Sheet pan chili lime shrimp lettuce wraps with a crunchy slaw and creamy avocado-lime drizzle. Fast, zesty, and low carb, with roasted shrimp that stay juicy and lightly charred in minutes.


Ingredients

Scale
  • 1 1/2 lb (680 g) large shrimp, peeled and deveined
  • 2 tbsp olive oil
  • Zest of 1 lime
  • 1/4 cup (60 ml) fresh lime juice (about 2 limes)
  • 2 cloves garlic, minced
  • 1 1/2 tsp chili powder
  • 1/2 tsp smoked paprika
  • 1/2 tsp ground cumin
  • 1/4 tsp cayenne pepper (optional)
  • 1 tsp kosher salt
  • 1/2 tsp black pepper
  • 68 large romaine hearts or butter lettuce leaves
  • Crunchy slaw: 3 cups shredded green cabbage, 1 cup shredded red cabbage, 1 cup shredded carrots, 2 tbsp lime juice, 1 tbsp rice vinegar, 1 tbsp olive oil, 1/2 tsp salt, 1/4 tsp black pepper, 2 tbsp chopped cilantro
  • Avocado-lime drizzle: 1 ripe avocado, 1/3 cup (80 g) plain Greek yogurt (or mayo), 1 tbsp lime juice, 1–3 tbsp water (to thin), 1 small garlic clove, 1/4 tsp salt
  • Optional toppings: sliced radishes, sliced green onions, jalapeño, extra cilantro

Instructions

  1. Preheat oven to 425°F (220°C).
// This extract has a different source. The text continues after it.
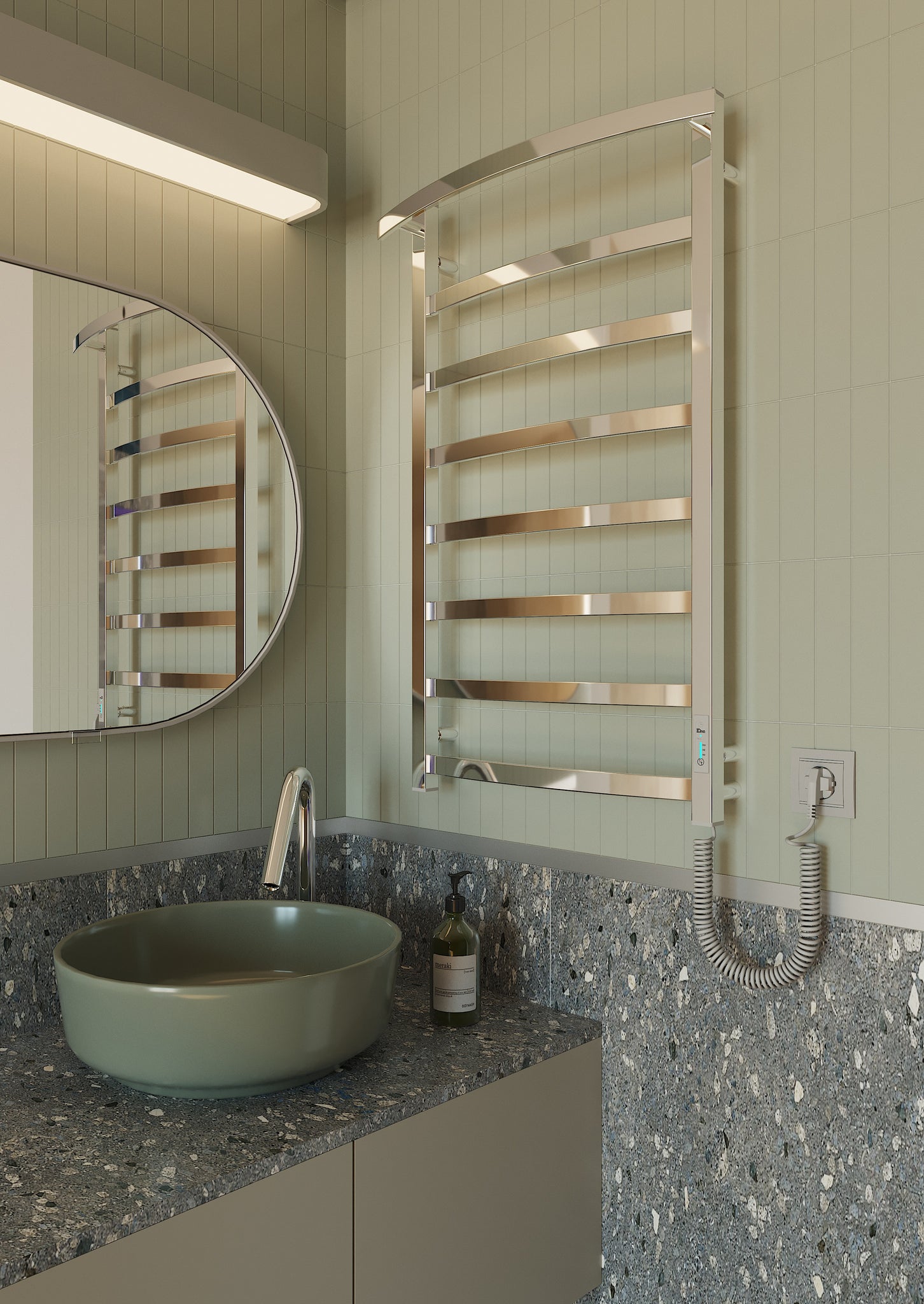 Додаткова опція прихованого монтажу робить вигляд пристрою ще більш мінімалістичним та безпечним. Ще на етапі ремонту його можна змонтувати без зовнішнього шнура живлення. Відсутність звисаючого провода та навіть більше - відсутність розетки на 100% мінімізує будь-які небезпечні ситуації, пов’язані з використанням електропристроїв в приміщенні з високим рівнем вологи, такому як ванна кімната.

Line a sheet pan with foil or parchment for easier cleanup.
  2. Pat shrimp very dry with paper towels. In a bowl, toss shrimp with olive oil, lime zest, lime juice, garlic, chili powder, smoked paprika, cumin, cayenne (if using), salt, and pepper until evenly coated.
  3. Spread shrimp in a single layer on the sheet pan. Roast 6–8 minutes until opaque and curled. For a lightly charred finish, broil 30–60 seconds, watching closely.
  4. Make the slaw: In a large bowl, toss cabbages and carrots with lime juice, rice vinegar, olive oil, salt, pepper, and cilantro. Let sit 5 minutes to soften slightly while the shrimp cooks.
  5. Make the avocado-lime drizzle: Blend avocado, Greek yogurt (or mayo), lime juice, garlic, salt, and enough water to reach a pourable consistency.
  6. Assemble: Fill lettuce leaves with slaw, top with roasted shrimp, drizzle sauce, and finish with radishes and green onions. Serve immediately.

Notes

  • Use large shrimp (16/20 count) for the best sheet-pan roast; small shrimp overcook quickly.
  • Dry shrimp thoroughly before seasoning so they roast and lightly char instead of steaming.
  • Don’t crowd the pan—leave space between shrimp for better browning.
  • Shrimp are done when opaque and firm; avoid cooking past that to prevent rubbery texture.
  • Make-ahead: Prep slaw and sauce up to 24 hours ahead; keep separate and assemble at serving.
  • Storage: Store shrimp, slaw, lettuce, and sauce separately for the best texture.
  • Low carb tip: Skip sweeteners in sauces; keep the drizzle tangy with lime and cilantro.
  • Prep Time: 10 minutes
  • Cook Time: 8 minutes
  • Category: Main Course
  • Method: Sheet Pan Roasting
  • Cuisine: Tex-Mex

Nutrition

  • Serving Size: 2 lettuce wraps
  • Calories: 320 (estimated)
  • Sugar: 6 g (estimated)
  • Sodium: 820 mg (estimated)
  • Fat: 18 g (estimated)
  • Saturated Fat: 3 g (estimated)
  • Unsaturated Fat: 14 g (estimated)
  • Trans Fat: 0 g (estimated)
  • Carbohydrates: 12 g (estimated)
  • Fiber: 4 g (estimated)
  • Protein: 28 g (estimated)
  • Cholesterol: 190 mg (estimated)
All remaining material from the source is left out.